Tiba-tiba angin berhembus teramat kencang, membuatku hampir dibawanya. Tanpa aku berpikir apa-apa, aku segera pegi dari tempat itu.
***
Beberapa bulan setelah kejadian itu, aku selalu saja menjauh dari Lee. Aku tak tau harus berbuat apa lagi, karena perasaan yang campur aduk, antara malu, dan tidak mengerti. Seperti apa itu suka. Sering sekali Lee membantuku ini itu, dan aku hanya berterimakasih apa adanya. Tapi aneh, aku selalu melihat sekelebat bayangan Kevin. Hanya beberapa detik aku melihatnya, setelah itu dia hilang. Karena itu aku merasa Kevin juga menjauhiku. Dan aku juga merasa dadaku perih.
Oh iya! Hari ini adalah hari yang benar-benar aku tunggu. Hari ulang tahunku.

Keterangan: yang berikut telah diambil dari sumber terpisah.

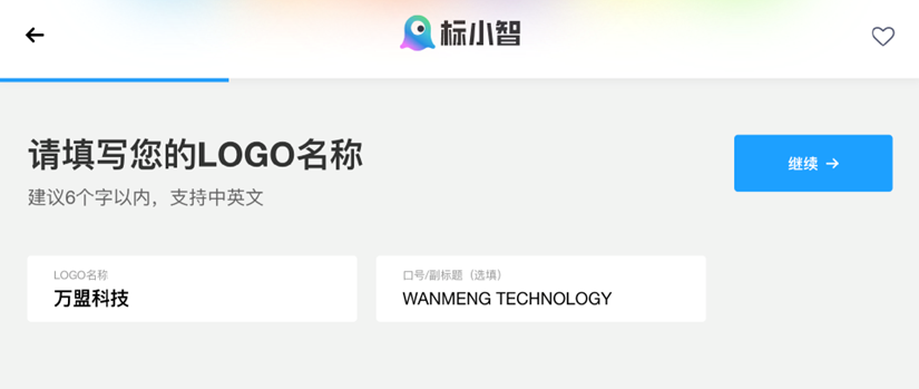 打开官网就是很简洁的设计,点击「在线 LOGO 设计」,输入自己的 Logo 名称和口号,然后点击继续挑选 Logo 所在的行业、喜欢的颜色和字体等。
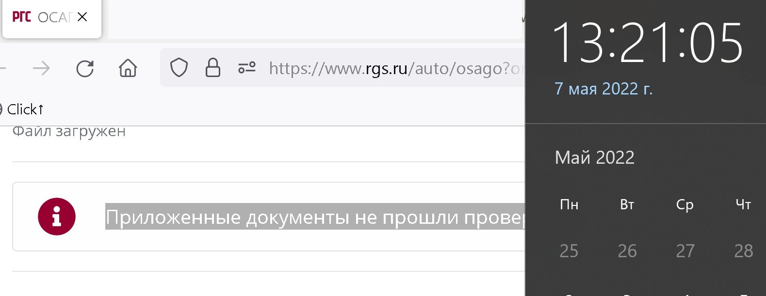 Не первый год оформляю полис ОСАГО в этой компании. И каждый раз компания прилагает усилия для затруднения этого оформления. За последние несколько дней я сделал несколько десятков попыток для продления полиса ОСАГО ХХХ №0172199394. Каждая попытка заканчивается одинаково: «Приложенные документы не прошли проверку.» И это — несмотря на наличие действующего полиса ОСАГО в этой же компании! То есть — ВСЕ необходимые
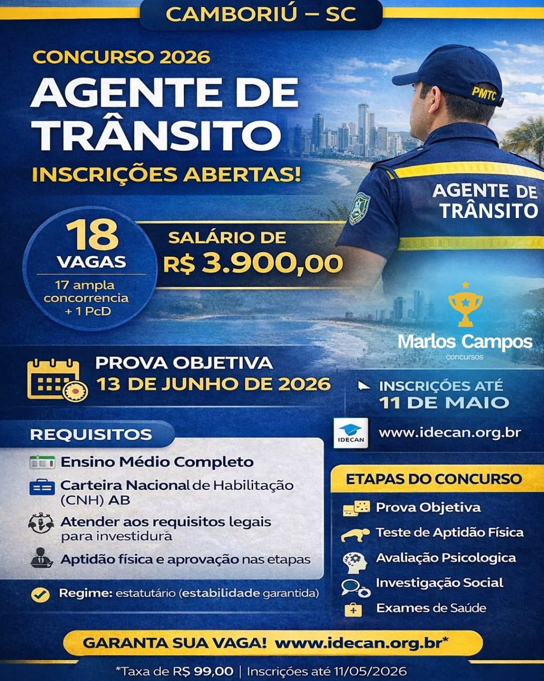 EDITAL PUBLICADO – CAMBORIÚ SC 2026!
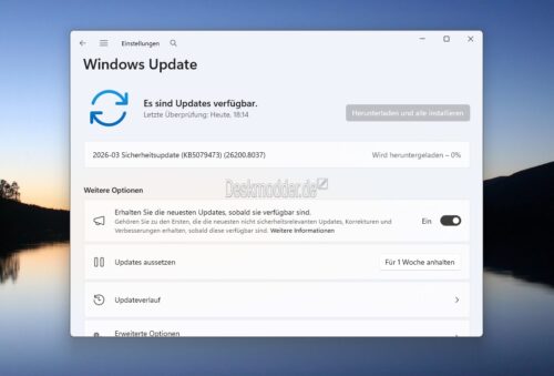 Der zweite Dienstag ist heute und damit ist wieder Patchday für Windows angesagt. Microsoft hat für die Windows 11 24H2 und auch Windows 11 25H2 die KB 5079473 bereitgestellt. Die Versionsnummer ändert sich damit auf die 26200.8037 (25H2), bzw. 26100.8037 (24H2).
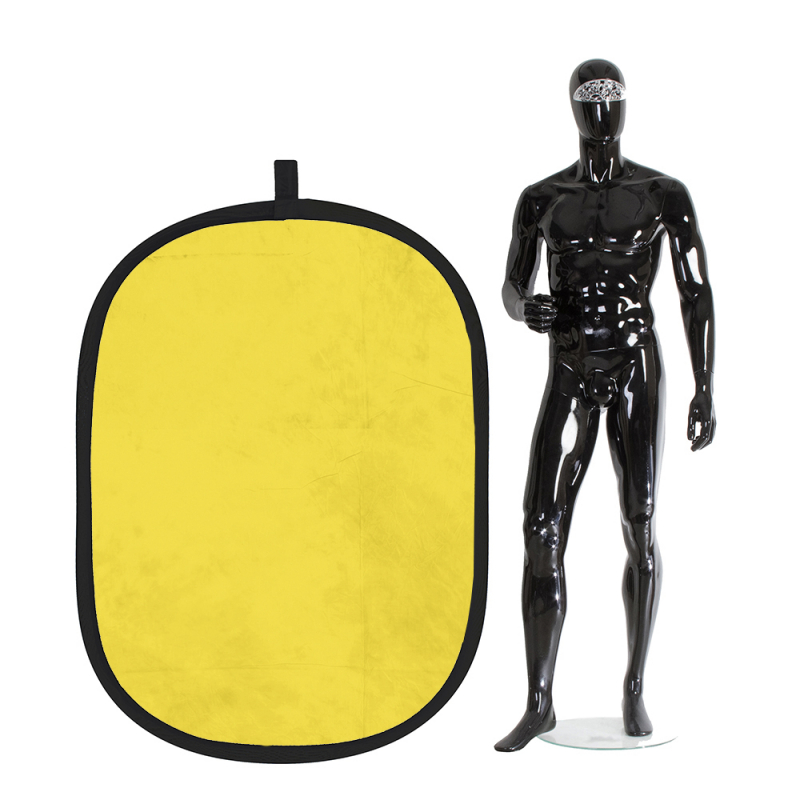 Фон имеет гибкий стальной ободок для растяжки. К фону прилагается специальный чехол, куда его складывают в свернутом состоянии.
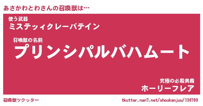 | 女子向けラノベタイトル風あだ名 | 『あさかわとわ姫と円卓の騎士』 |
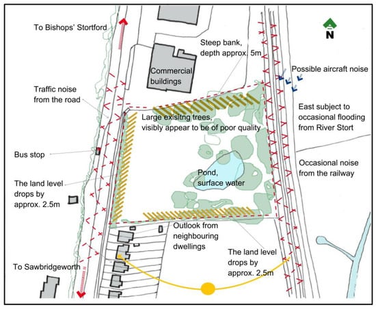 Site constraints from policy guidance to existing site conditions were summarized as follows: The site is located within the Metropolitan Green Belt. The site is within an area identified to be of Archaeological Significance. There may be palaeo-environmental deposits because of its proximity to Walbury Hill. The site is 2–3 m lower than the road level with steeply banked sides. The site is partially covered (about 50%) by an area of self-seeded trees and undergrowth. The trees have not been managed and so some are of poor quality. There is no existing vehicular access to the site. The site fronts a busy road—serving local traffic between Bishop Stortford and Sawbridgeworth and so consideration of the noise and air quality this generates must be considered. The site backs onto a railway line. The site to the east of the railway line is subject to flooding however, the railway line in this particular area is not generally affected by flood damage but consideration through sustainable measures should be applied to surface water flooding. There may be some contamination due to previous use within the site and from adjacent sites where commercial operations may have taken place that have leached contaminants. The site is to the north of a residential area and so care is to be taken to minimize any potential loss of privacy and outlook from these existing properties. To the north of the site are a number of commercial premises and so consideration is required to ensure these will not have an unacceptable impact on any proposed residential development in terms of noise, air quality, outlook, and privacy. The site is approximately 10 miles from Stanstead Airport and so subject to intermittent noise from overhead aircraft. During the day the road provides a direct link for local traffic between Sawbridgeworth and Bishops Stortford however the M11 lies parallel approximately 5 miles to the east and so London Road (A1184) has limited traffic. The railway on the eastern boundary connects Sawbridgeworth to Bishops Stortford and provides services from London to Stanstead Airport. The site is not within a planning flood risk zone however, the wood area to the east of the site is identified as an area that has a low risk of flooding for surface water. This area will not form part of the development but potential impact should be considered.
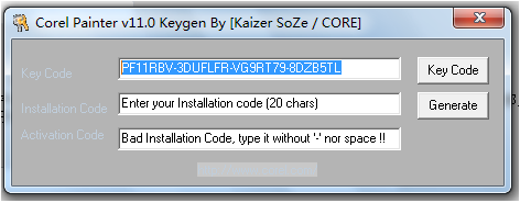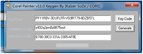 11、这时就要用到我们没关闭的Corel Painter 11注册机了。把全部的安装代码输入到注册机的第二个文本框中,这时点下"Generate"按钮。就会在最下面的文本框中出现激活代码了。
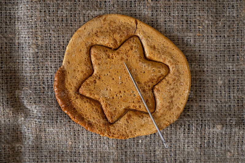 Печенье из коричневого сахара с карамелью и металлической иглой в форме звезды. Концепция игры на выживание
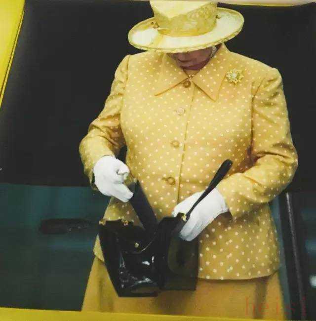 伊丽莎白二世的手袋都是劳纳品牌:矩形小包,配有方便放东西的米色内衬。她的手袋里有一些传统的物件:老花镜、手帕、薄荷糖、镜子、口红、钢笔和一个手袋挂钩。还有一些意想不到的东西:跟着女王的柯基犬的狗粮,报纸上剪下来的填字游戏,......还有一把小刀!另外,她总是随身携带自己的日记和小型相机,因为她喜欢“在访问总统或其他重要人物时照相”。不过,女王的手袋里没有手机、护照或驾照。她的手袋中还有一些富有感情的物品,比如她的孩子们送给她的吉祥物、家人照片以及菲利普亲王当作结婚礼物送给她的一个小金属化妆盒。
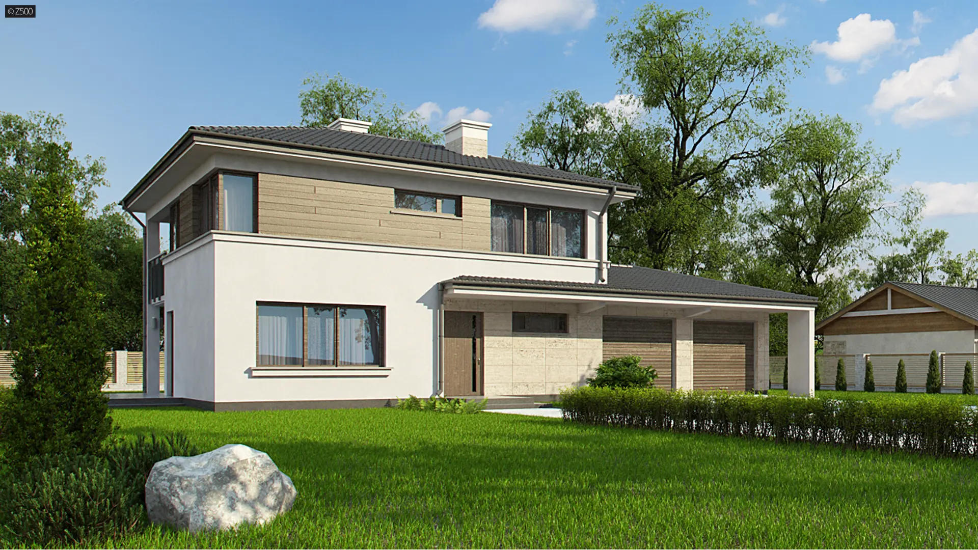 z garażem 2-stanowiskowym z prawej strony
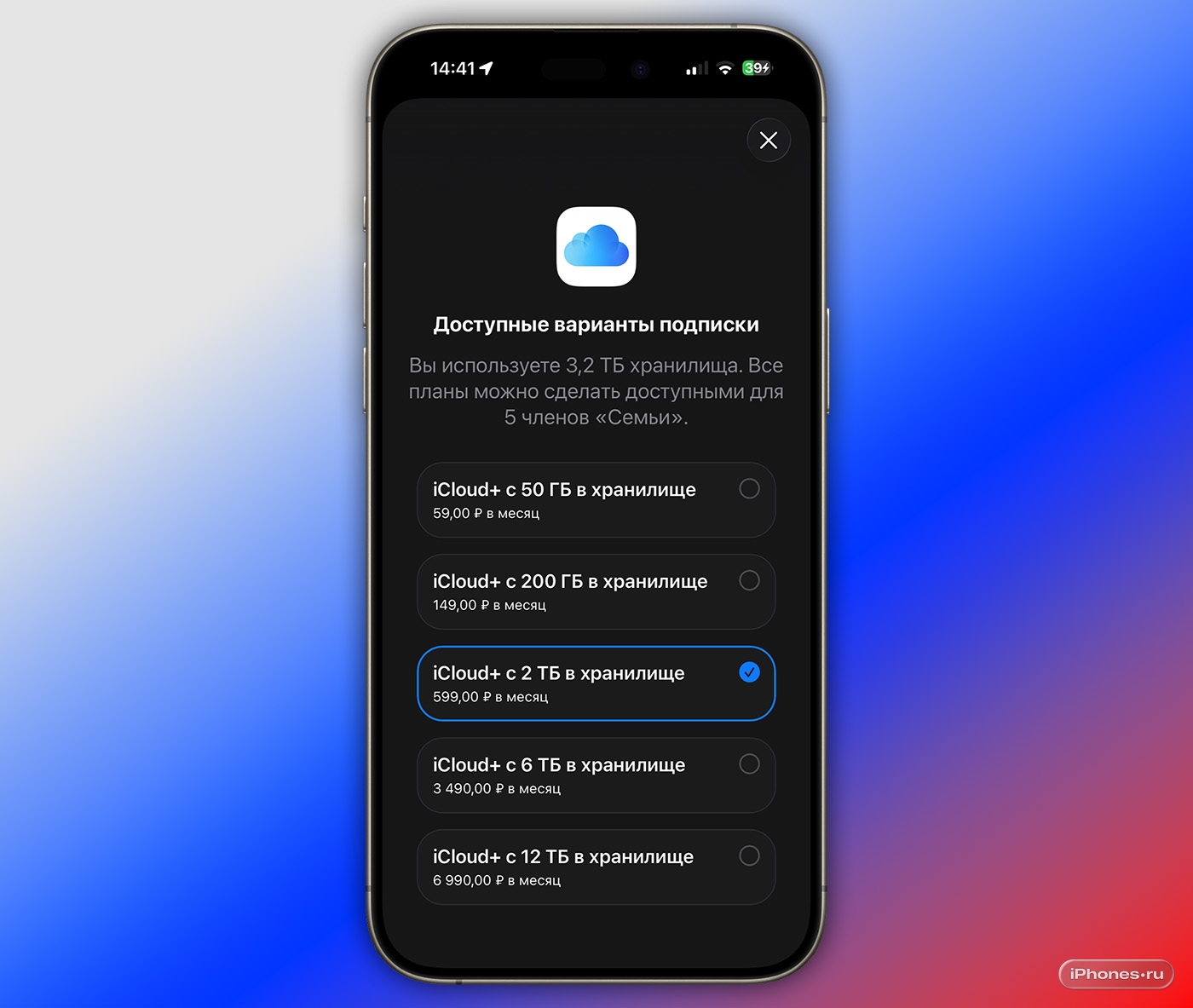- iCloud+ 6 ТБ: 3490 руб. → 4190–4290 руб.

“Dewi, aku pengen ngomong” tiba-tiba saja Kevin menemuiku. “apa?” ku tanggapi sembari membaca buku. “hari ini mungkin jadi hari terakhirku di Indonesia” ucapnya lirih, hampir berbisik. “kau jangan bercanda” aku membuka halaman berikutnya. “haha, emang bener aku ga boleh bercanda” mulut Kevin mendekat ke telingaku. “Aku adalah angin yang akan selalu bersamamu, selamat ulang tahun” belum sempat aku bertanya apa maksudnya, dia sudah berlari pergi. Angin yang selalu bersamaku? Aku tertawa pelan.